*Exercise data*
====
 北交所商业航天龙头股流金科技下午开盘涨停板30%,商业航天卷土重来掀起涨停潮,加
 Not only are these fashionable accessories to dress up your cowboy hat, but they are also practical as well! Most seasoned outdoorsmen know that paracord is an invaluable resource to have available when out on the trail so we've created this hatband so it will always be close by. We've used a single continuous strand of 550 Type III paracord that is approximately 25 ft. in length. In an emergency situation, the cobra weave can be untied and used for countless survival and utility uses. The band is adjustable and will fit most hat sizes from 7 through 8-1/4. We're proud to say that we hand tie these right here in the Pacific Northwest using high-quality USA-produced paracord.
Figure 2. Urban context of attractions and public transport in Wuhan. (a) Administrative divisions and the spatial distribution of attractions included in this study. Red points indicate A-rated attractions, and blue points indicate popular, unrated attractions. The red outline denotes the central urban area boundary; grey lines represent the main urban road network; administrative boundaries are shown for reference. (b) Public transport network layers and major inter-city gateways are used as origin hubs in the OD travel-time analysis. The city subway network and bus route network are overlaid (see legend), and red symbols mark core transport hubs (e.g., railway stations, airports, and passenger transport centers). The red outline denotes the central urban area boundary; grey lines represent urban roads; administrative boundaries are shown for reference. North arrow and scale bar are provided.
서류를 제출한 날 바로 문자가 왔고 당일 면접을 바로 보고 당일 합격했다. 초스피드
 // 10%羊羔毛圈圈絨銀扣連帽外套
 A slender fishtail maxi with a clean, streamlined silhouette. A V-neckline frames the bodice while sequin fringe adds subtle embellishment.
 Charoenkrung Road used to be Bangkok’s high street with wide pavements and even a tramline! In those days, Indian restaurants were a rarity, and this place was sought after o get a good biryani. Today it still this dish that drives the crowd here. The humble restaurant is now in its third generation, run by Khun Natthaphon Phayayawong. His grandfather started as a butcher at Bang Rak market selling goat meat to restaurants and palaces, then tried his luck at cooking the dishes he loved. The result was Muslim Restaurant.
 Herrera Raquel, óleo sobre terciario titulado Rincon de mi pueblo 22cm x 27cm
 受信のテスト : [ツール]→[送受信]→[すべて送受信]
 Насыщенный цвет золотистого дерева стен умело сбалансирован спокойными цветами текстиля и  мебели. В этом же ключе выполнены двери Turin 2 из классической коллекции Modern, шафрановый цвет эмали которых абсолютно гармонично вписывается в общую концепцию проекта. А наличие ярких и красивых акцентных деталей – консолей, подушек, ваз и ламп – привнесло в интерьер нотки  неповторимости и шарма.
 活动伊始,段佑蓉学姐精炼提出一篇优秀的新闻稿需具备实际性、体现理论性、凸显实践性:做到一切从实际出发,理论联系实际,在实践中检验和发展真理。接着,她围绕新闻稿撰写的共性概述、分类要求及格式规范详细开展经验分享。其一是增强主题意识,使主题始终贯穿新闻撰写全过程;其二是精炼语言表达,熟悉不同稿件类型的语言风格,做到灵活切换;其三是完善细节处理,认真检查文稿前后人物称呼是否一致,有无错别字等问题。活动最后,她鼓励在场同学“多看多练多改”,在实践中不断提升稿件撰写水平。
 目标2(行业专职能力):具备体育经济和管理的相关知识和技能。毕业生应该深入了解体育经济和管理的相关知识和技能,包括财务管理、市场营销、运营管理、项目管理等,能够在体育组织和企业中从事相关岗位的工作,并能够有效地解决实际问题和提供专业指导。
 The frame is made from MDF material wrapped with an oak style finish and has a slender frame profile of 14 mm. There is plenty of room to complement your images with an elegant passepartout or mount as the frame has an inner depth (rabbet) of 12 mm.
====
*Requirement*
The first line of the records begins the span, and the line containing "Not only are" ends it. Reproduce that span exactly, both ends included.

*Your response*
 北交所商业航天龙头股流金科技下午开盘涨停板30%,商业航天卷土重来掀起涨停潮,加
 Not only are these fashionable accessories to dress up your cowboy hat, but they are also practical as well! Most seasoned outdoorsmen know that paracord is an invaluable resource to have available when out on the trail so we've created this hatband so it will always be close by. We've used a single continuous strand of 550 Type III paracord that is approximately 25 ft. in length. In an emergency situation, the cobra weave can be untied and used for countless survival and utility uses. The band is adjustable and will fit most hat sizes from 7 through 8-1/4. We're proud to say that we hand tie these right here in the Pacific Northwest using high-quality USA-produced paracord.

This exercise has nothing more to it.